Welcome to No Place Like Home.

This blog is a place for information, answers and support for families who are considering international adoption, waiting or are home with their children. My name is Kimberley and I am the coordinator of this site. This blog is truly a network of families who are willing to support others along their journey to their child. The blogs listed on my sidebar are arranged by country and these families have volunteered to act as a resource to anyone who needs one. These are amazing people who are dedicated to helping families who are on the journey to their children in another country. If you are looking for someone to talk with or if you have a blog and would like to be available to help others, please feel free to e-mail me at timnkim@gmail.com.

Thursday, July 24, 2008

Stolen Baby Found in Guatemala Adoption System

This article is from Welt..Online

24. Juli 2008, 10:18

Illegal Adoptions

Stolen baby found in Guatemalan adoption system
Adoption officials said Wednesday, July 23, that DNA tests indicate a Guatemalan baby reported stolen from her mother was being adopted by a U.S. couple, the first strong sign that the Central American nation’s troubled adoption system relied in part on abducted children.

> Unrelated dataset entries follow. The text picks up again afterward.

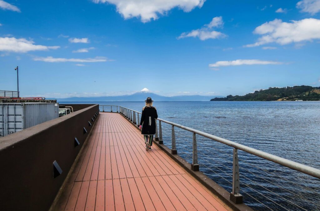 O píer emoldurado pelo Osorno é uma das cenas mais bonitas do Chile.
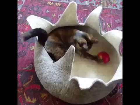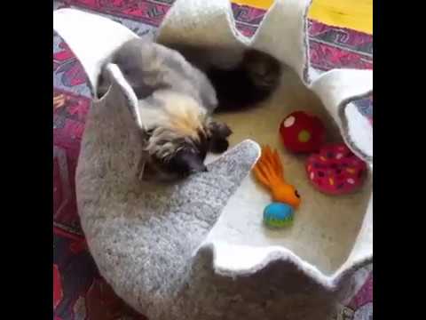 Squeak aka Charles Wallace is very pleased with his wool basket and spends much time in it. He prefers it for play rather than sleeping but that is Squeak.
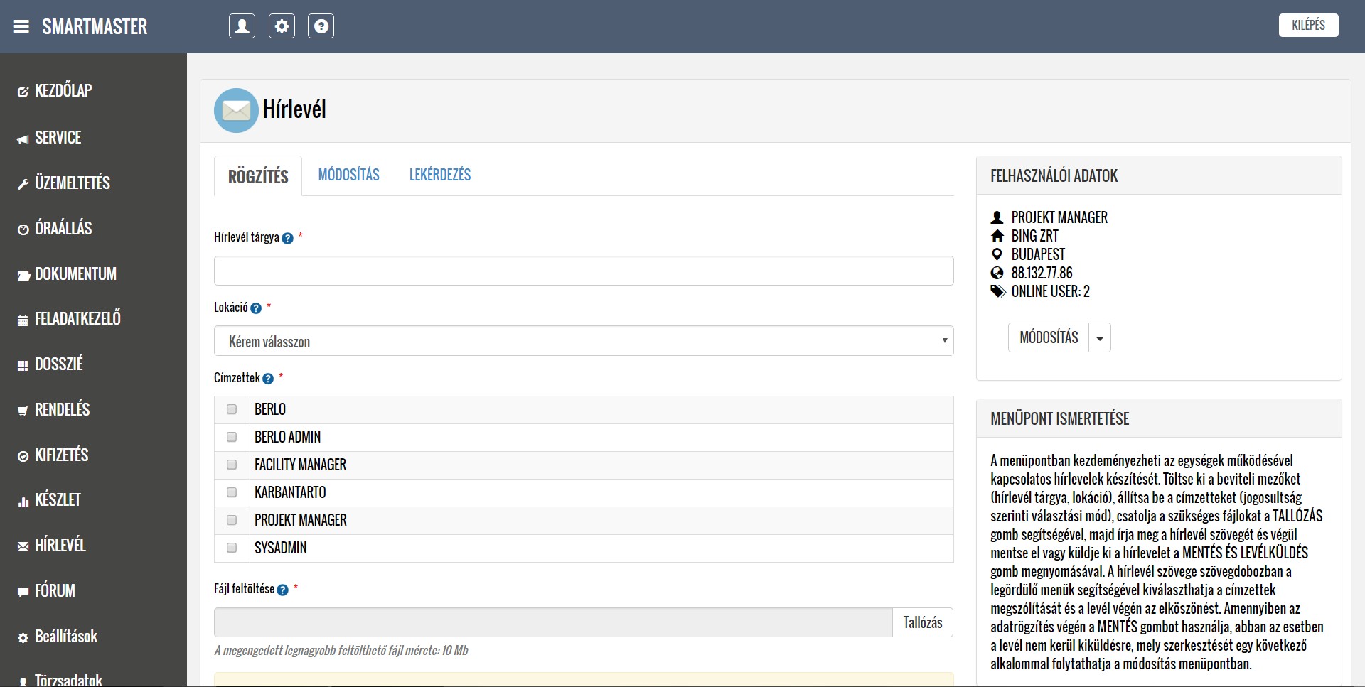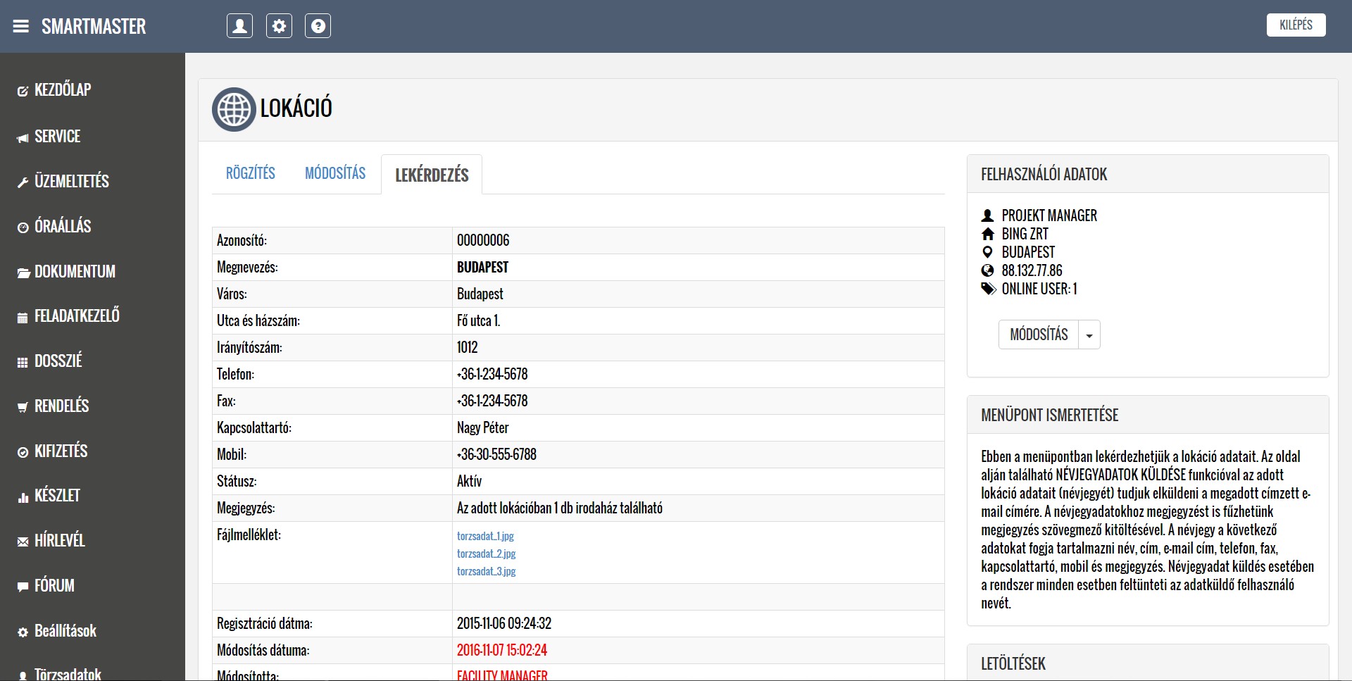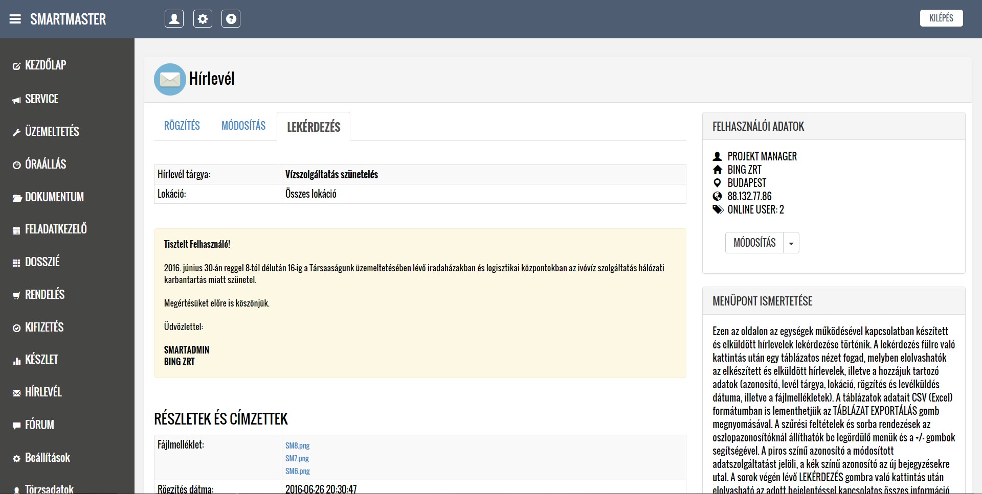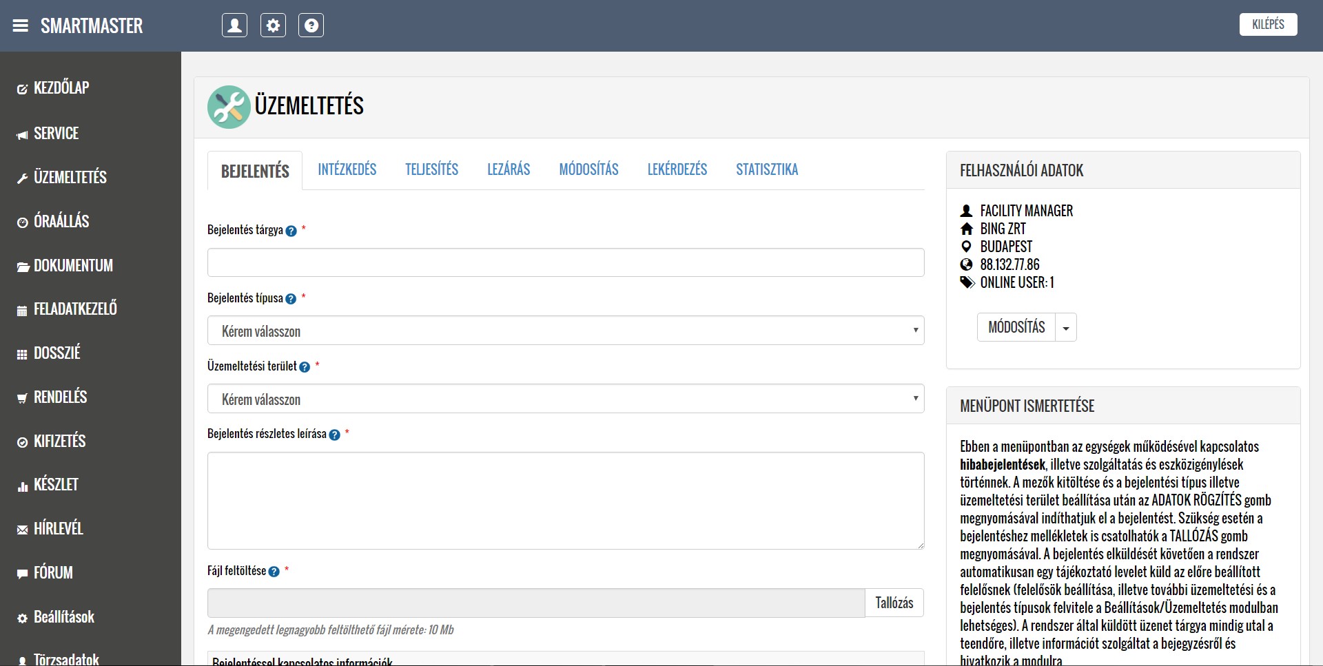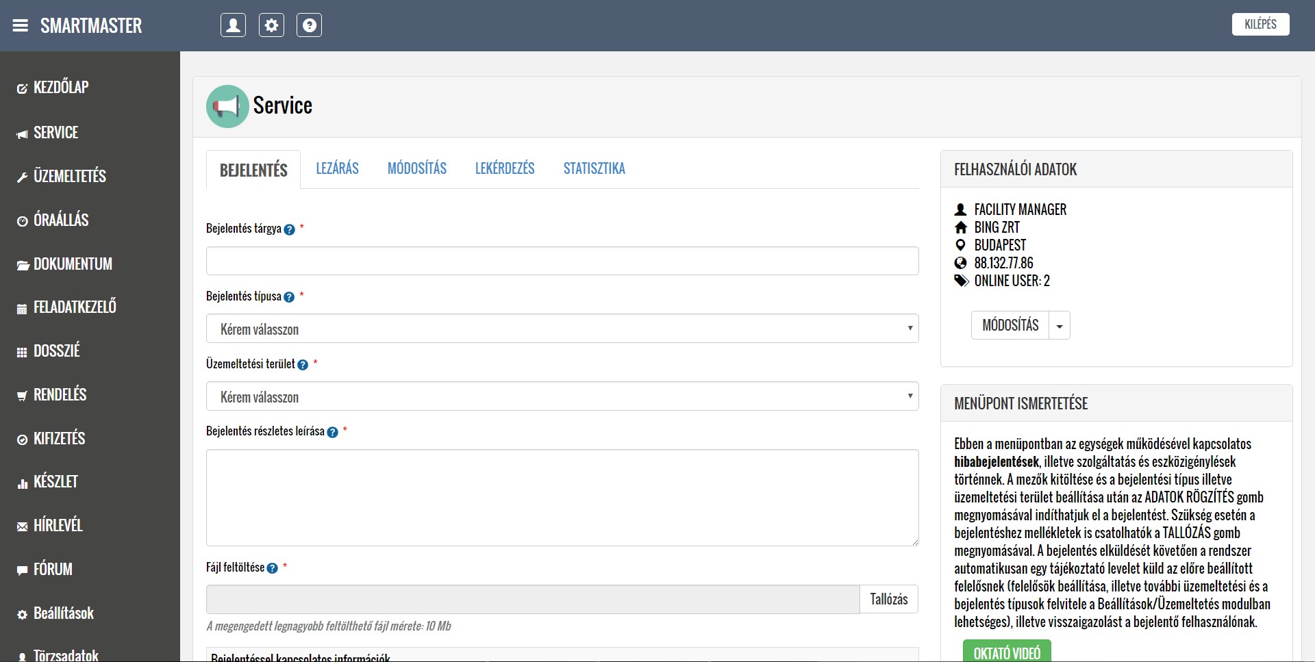 Beszélgessünk !A SMARTGENERAL rendszer egy modulokból felépülő adatbázis alapú online épületüzemeltetési szoftver (facility management szoftver), mely alkalmas vagyonkezelők, épületüzemeltetők, pénzintézetek, önkormányzatok, kis és középvállalkozások elektronikus dokumentumkezelésére, ingatlanok üzemeltetésére, hibabejelentések kezelésére, belső kommunikációra (hírlevél és fórum), közüemi mérőórák fogyasztásainak rögzítésére, ismétlődő feladatok kezelésére, készletek nyilvántartására, rendelések lebonyolítására, projektkezelésre és a napi működéssel kapcsolatos egyedi nyilvántartások vezetésére. A rendszer fejlesztésénél elsődleges szempont volt az egyszerű kezelhetőség, felhasználóbarát felület, számítógépekre és okos telefonokra való optimalizálás, illetve a gyors és hatékony ügyintézési folyamatok alkalmazása. A különböző területek felelősei egyedileg beállíthatók a jogosultsági rendszer használatával (ügyintézők, karbantartók, középvezetők, facility managerek, felsővezetők és projekt managerek).

An employee of Guatemala's National Adoptions Council, left, greets a child held by his adoptive mother after a press conference in Guatemala City. The child, whose real name has not been revealed in order to protect his identity, is the first case of adoption under the new Guatemalan adoptions' law.
Authorities have long believed that children were stolen or bought to supply Guatemala’s US$100 million-a-year adoption industry before thousands of pending adoptions were frozen in May.
Previously, dozens of mothers reported stolen babies and at least two were found in orphanages, although they had not yet been put up for adoption. But adoption officials revealed to The Associated Press on Wednesday, July 23, that DNA tests identified toddler Esther Zulamita, who was reported stolen on March 26, 2007. The girl was in the process of being adopted to an unidentified U.S. couple.
Jaime Tecu, director of a team of experts reviewing all pending Guatemalan adoptions, said the DNA test results represent the first time officials have directly linked a baby reported stolen by its mother to the fraud plagued adoption system. "This is the first time that we’ve been able to show, with irrefutable evidence, that a stolen child was put up for adoption,“ Tecu said.
Guatemala City adoption industry Guatemalan baby DNA adoption process The baby’s mother, Ana Escobar, said armed men locked her in a storage closet at the family’s shoe store north of Guatemala City and took the 6-month-old. "When I got out, my daughter was gone,“ she told the AP in an earlier interview about the case.
She spent months searching hospitals and orphanages, looking for the child. In May, Escobar says she was sitting in the National Adoption Council’s offices, hoping to get access to the babies whose adoption cases were being reviewed. She looked up and saw a toddler who looked like her baby.
The image of the child being carried by an official haunted her, and she asked officials to see more photos. Soon she was sure the baby girl was hers. All of the girl’s papers were in order, including DNA tests showing that her birth mother was someone other than Escobar. But Escobar convinced officials to take new DNA tests. "She was so sure that the child was hers that we agreed to search the house where the baby was kept,“ Tecu said.
The baby was placed with a caretaker while her adoption was pending, but Escobar convinced a Guatemalan judge in May to let her care for the child while the new DNA tests were performed. "I can’t explain how excited and happy I am,“ Escobar told the AP on Wednesday. "It’s a miracle.“
Tecu said officials will investigate the lawyers who handled the adoption, the doctor who signed the falsified DNA tests, and anyone else associated with the process. "This was run by a mafia, and we're going after them,“ he said.
Guatemala froze all 2,286 pending adoptions in May, and officials are reviewing each case to confirm there is no fraud.
At the same time, Guatemala is just starting to adopt babies under a new, more stringent system run by an independent adoption commission. Before the reform, foreign couples, mostly from the U.S., paid up to US$30,000 to adopt children. The previous system was so quick and hassle-free it became the second-largest source of foreign babies to U.S. couples after China.